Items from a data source
● ● ●

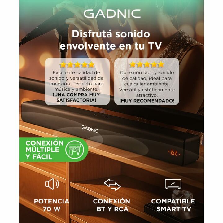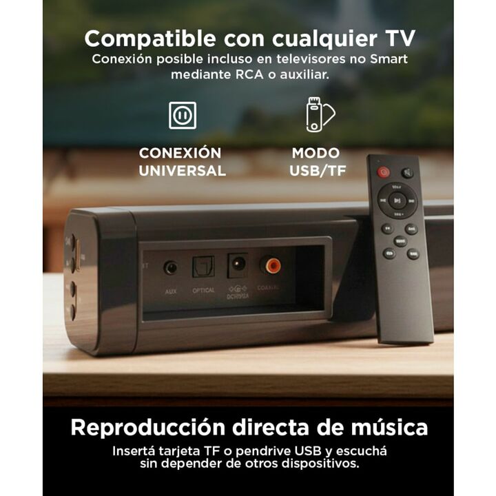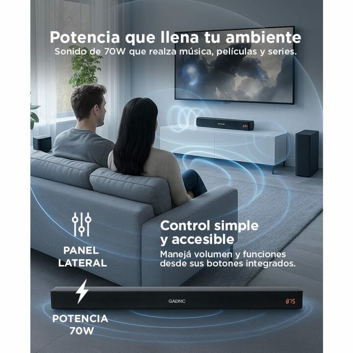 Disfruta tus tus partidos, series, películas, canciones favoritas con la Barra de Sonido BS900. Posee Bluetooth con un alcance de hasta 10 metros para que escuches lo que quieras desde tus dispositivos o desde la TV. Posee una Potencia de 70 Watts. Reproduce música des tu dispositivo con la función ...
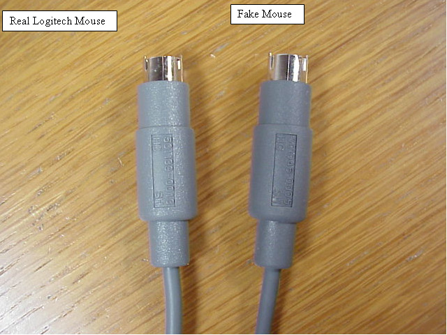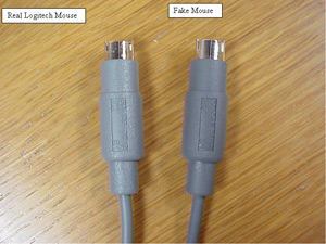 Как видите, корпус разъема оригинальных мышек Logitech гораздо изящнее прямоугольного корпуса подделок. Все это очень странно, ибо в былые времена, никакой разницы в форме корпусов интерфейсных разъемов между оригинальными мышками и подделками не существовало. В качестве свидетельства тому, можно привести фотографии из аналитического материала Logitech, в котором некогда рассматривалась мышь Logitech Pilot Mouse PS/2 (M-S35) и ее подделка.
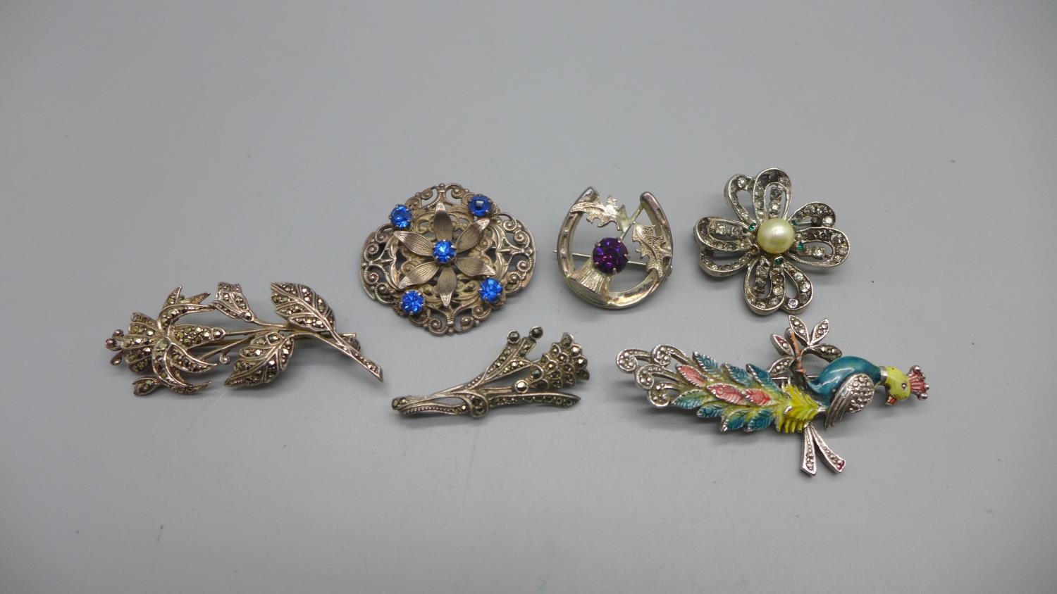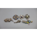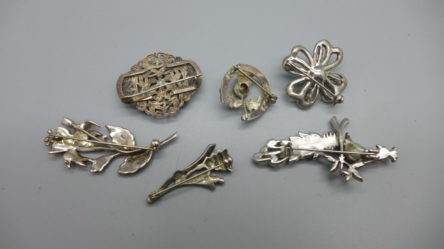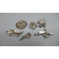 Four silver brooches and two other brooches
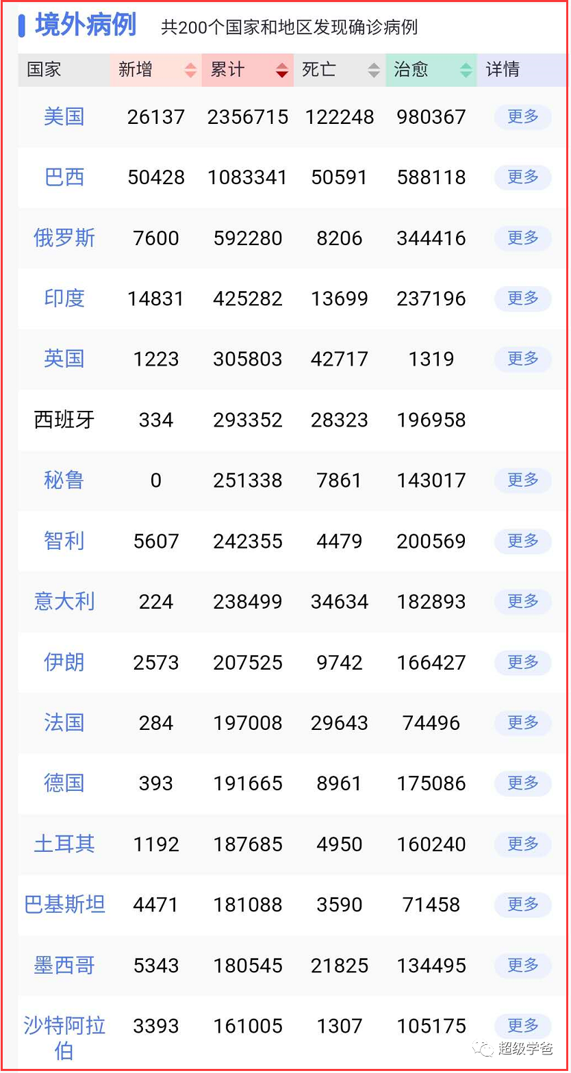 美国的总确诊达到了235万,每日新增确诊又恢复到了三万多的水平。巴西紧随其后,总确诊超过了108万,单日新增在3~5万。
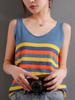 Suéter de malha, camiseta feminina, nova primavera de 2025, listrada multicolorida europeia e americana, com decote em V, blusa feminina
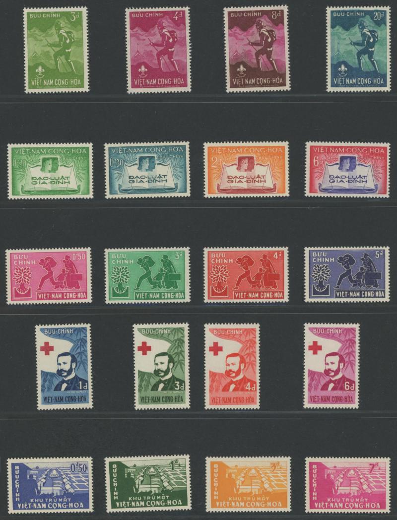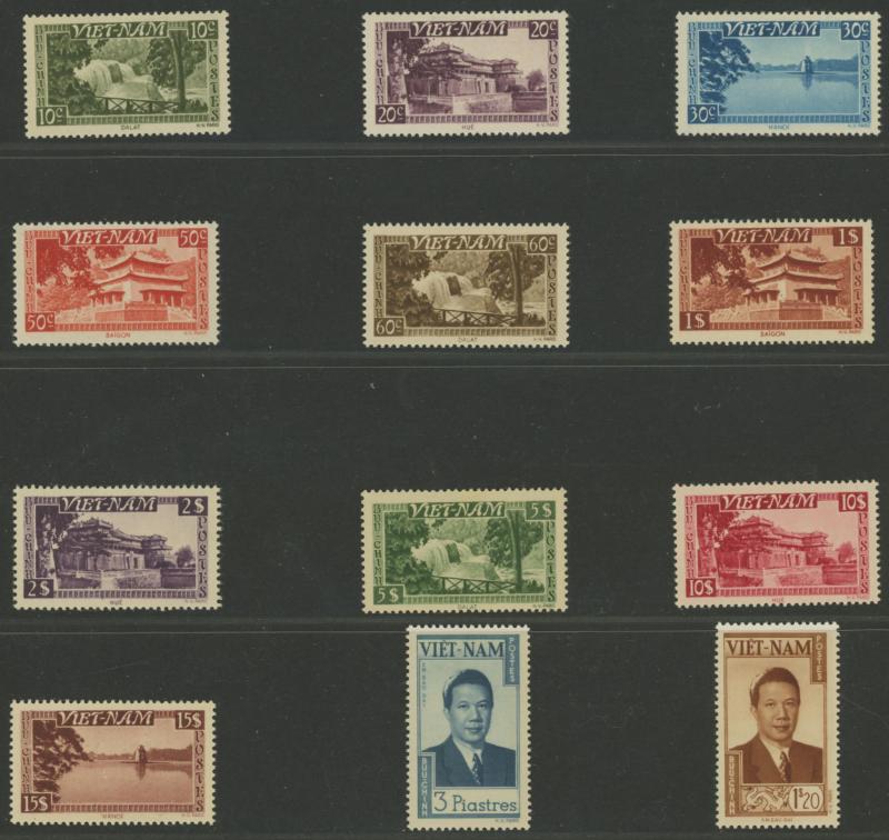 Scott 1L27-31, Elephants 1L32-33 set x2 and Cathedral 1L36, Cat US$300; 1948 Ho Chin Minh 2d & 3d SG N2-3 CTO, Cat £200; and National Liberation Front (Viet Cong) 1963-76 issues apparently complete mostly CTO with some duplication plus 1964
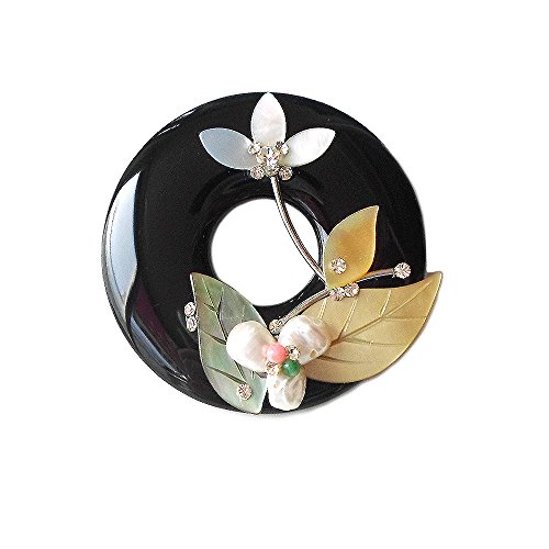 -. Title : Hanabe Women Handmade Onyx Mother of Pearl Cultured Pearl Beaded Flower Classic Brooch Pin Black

● ● ●

From the opening line of the entries above to the line that holds "Four silver brooches and two other brooches", inclusive, reproduce each line exactly and omit any picture.

Result for this task
 Disfruta tus tus partidos, series, películas, canciones favoritas con la Barra de Sonido BS900. Posee Bluetooth con un alcance de hasta 10 metros para que escuches lo que quieras desde tus dispositivos o desde la TV. Posee una Potencia de 70 Watts. Reproduce música des tu dispositivo con la función ...
 Как видите, корпус разъема оригинальных мышек Logitech гораздо изящнее прямоугольного корпуса подделок. Все это очень странно, ибо в былые времена, никакой разницы в форме корпусов интерфейсных разъемов между оригинальными мышками и подделками не существовало. В качестве свидетельства тому, можно привести фотографии из аналитического материала Logitech, в котором некогда рассматривалась мышь Logitech Pilot Mouse PS/2 (M-S35) и ее подделка.
 Four silver brooches and two other brooches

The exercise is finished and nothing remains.